From the new material which I have written recently, I guess it would be enough to write just one or two posts, and then the series would get over. What then will remain would be mostly polemics, and that part can be taken on the fly whenever the need to do so arises.

I may also think of giving some indications on the concept of time, but, as I said, I find myself too lacking in enthusiasm these days. Being jobless—despite having the kind of resume I have—does have a way of generating a certain amount of boredom in you, a certain degree of disintegration at least to your energy and enthusiasm, even if not to your soul.

So, let’s see. Let the Diwali vacations get over, and I should come back and resume my blogging, telling you what all transpired in my meeting/interaction with the in-charge Dean, and the related matters.
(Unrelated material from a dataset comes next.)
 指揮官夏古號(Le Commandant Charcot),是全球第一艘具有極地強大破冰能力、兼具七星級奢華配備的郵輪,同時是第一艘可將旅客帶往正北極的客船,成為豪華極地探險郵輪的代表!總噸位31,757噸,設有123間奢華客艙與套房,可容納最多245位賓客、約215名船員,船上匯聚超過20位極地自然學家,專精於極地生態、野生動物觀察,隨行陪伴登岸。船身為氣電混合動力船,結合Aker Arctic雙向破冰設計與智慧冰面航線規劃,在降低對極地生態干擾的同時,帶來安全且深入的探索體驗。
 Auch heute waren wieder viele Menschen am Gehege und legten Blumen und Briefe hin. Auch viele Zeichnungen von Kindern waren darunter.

Since I am not going to be blogging for some time, let me note a couple of notable things.

One, the US Presidential elections. I am not at all interested in that. So let me leave it aside.
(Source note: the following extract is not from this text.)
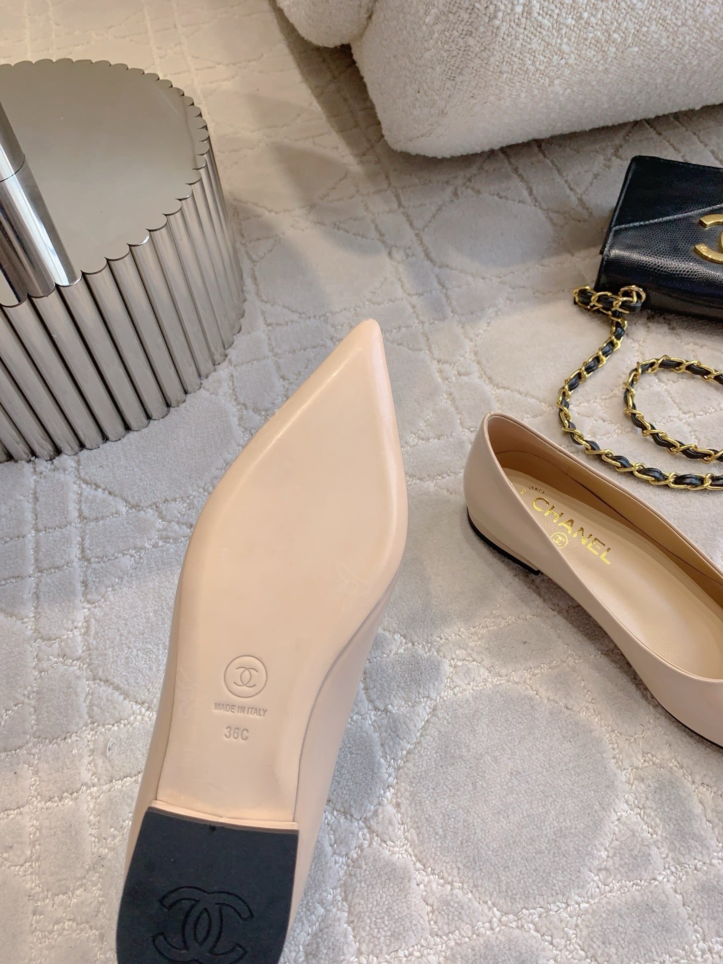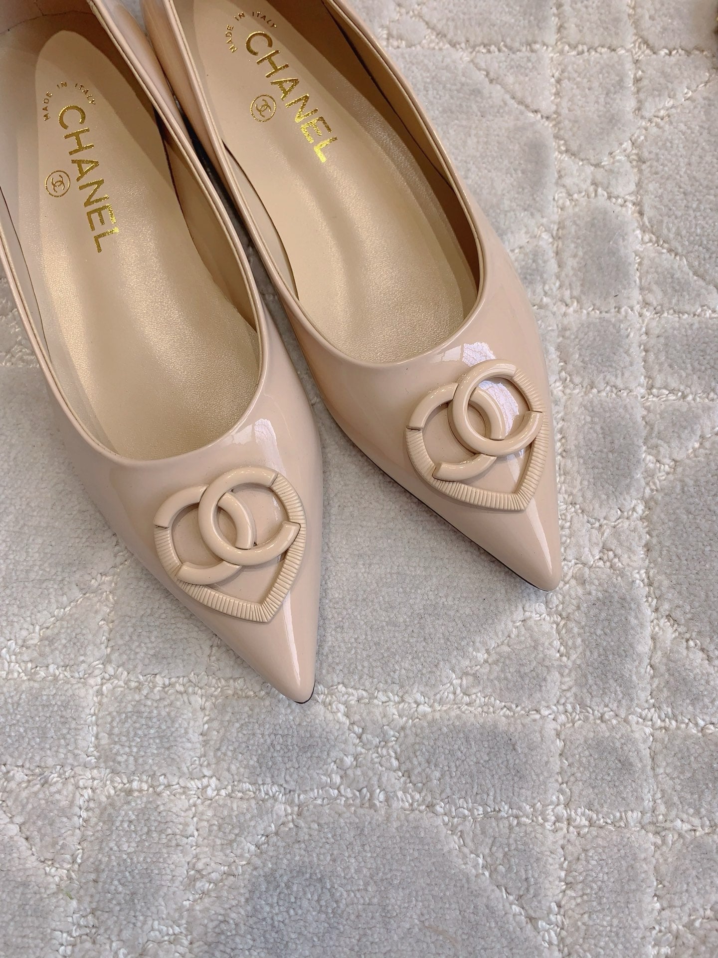FLAT PUMP 2 CM IN BEIGE CREAM PATENT CALFSKIN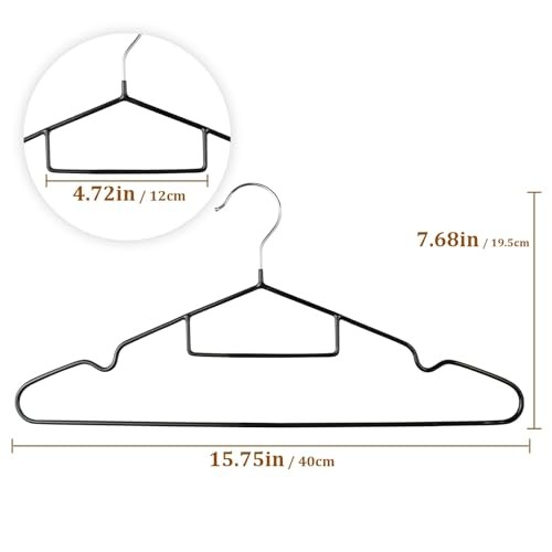 Clothes Hangers, 20Pack Metal Hangers with Tie Bar,15.75 in Shirt 20 Pack Black

Two, the Tata Sons issue. It does interest me a bit, so let me write down a bit on it.

I was not as surprised as some of the newspaper editorials and columns say they were. The days of JRD are long gone. The Tatas already were a changed company when Cyrus Mistry took over from Ratan Tata.

Once I returned from the USA in 2001, despite my resume, I never got a chance with the new Tatas (either at TRDDC or at TCS). Such a thing would have been unthinkable during JRD’s times. … Even keeping it aside, what all I observed about the Tatas over the past 1.5 decades was enough for me not to be at all surprised by something like the current fiasco.
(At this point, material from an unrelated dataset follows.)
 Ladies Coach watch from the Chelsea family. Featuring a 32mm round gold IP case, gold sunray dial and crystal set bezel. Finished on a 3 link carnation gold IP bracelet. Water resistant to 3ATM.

No, Prof. Pratap Bhanu Mehta, reading things from where I sit, the Tata fiasco doesn’t do any significant harm to the social legitimacy of Capitalism in India. People—common people—have long ago observed and concluded what had to be. If what the common people think were to be caricatured, it would look like the position you ascribe to the “cynics”. But no, IMO, this position isn’t cynical. To carry realistic impressions about hallowed icons is not quite the same as being a cynic.

Yes, as Harsh Goenka astutely pointed out in his comment in today’s ToI, Ratan Tata’s tenure coincided with the semi-liberalization era: 1991–2012. Whenever you come to compare Ratan Tata with Cyrus Mistry, you cannot overlook that broad context.

I have always thought that JRD left too big shoes for any one to fill in. But, with due respect to Ratan Tata, I still would have to say that no one could possibly entertain thinking in similar terms, when it comes to Ratan Tata’s retirement.

Looking at the facts and figures reported this week, I don’t think Mistry was doing a lousy job. Reading through his letter, I in fact marvel at how well he understood his job—and for this reason, I speculate that he must have been doing his job pretty well. …

Realize, the letter was written within a day or two after an unceremonious removal from the top post of a 100+ years old Indian icon, a \$100 billion behemoth. Seen against this backdrop, the letter is extraordinarily restrained; it shows an unusual level of maturity. To expect any more “restraint” is to actually confess ignorance of such basic things as human nature and character. (Sadhus, let me remind you, are known to kill each other in their fights at the Kumbh Mela, just for the priority in taking the Shahi Snaan. Keep that in mind the next time you utter something on nobility of character and culture.)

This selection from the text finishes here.